> **ABOUT THIS EXERCISE**
Once the line containing "Tony Cowart |" is found in the entries below, restate it and each following line word for word, stopping after the line containing "Beautiful earthy hues".

> **MATERIAL FOR THE TASK**
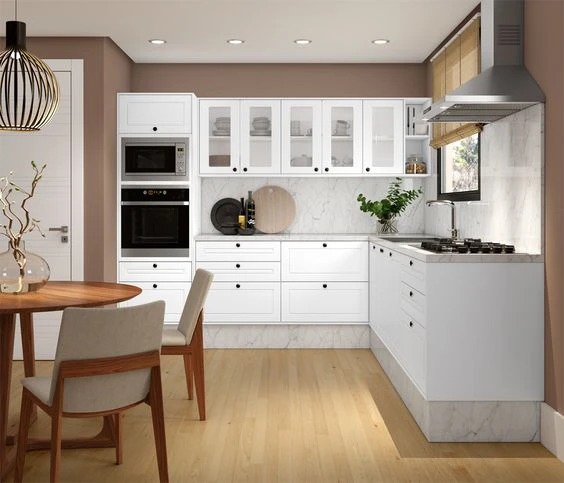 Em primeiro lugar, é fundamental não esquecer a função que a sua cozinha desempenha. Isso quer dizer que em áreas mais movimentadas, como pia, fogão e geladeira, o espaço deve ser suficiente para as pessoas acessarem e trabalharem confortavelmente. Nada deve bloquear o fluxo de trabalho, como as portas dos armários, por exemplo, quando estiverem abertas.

...

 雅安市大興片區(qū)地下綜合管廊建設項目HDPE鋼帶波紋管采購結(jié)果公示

--

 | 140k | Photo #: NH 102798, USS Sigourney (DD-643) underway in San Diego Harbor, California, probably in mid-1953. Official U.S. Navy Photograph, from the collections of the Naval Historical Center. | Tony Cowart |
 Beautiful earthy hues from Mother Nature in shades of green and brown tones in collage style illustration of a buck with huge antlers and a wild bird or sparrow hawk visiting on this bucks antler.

> **WORKED SOLUTION**
 | 140k | Photo #: NH 102798, USS Sigourney (DD-643) underway in San Diego Harbor, California, probably in mid-1953. Official U.S. Navy Photograph, from the collections of the Naval Historical Center. | Tony Cowart |
 Beautiful earthy hues from Mother Nature in shades of green and brown tones in collage style illustration of a buck with huge antlers and a wild bird or sparrow hawk visiting on this bucks antler.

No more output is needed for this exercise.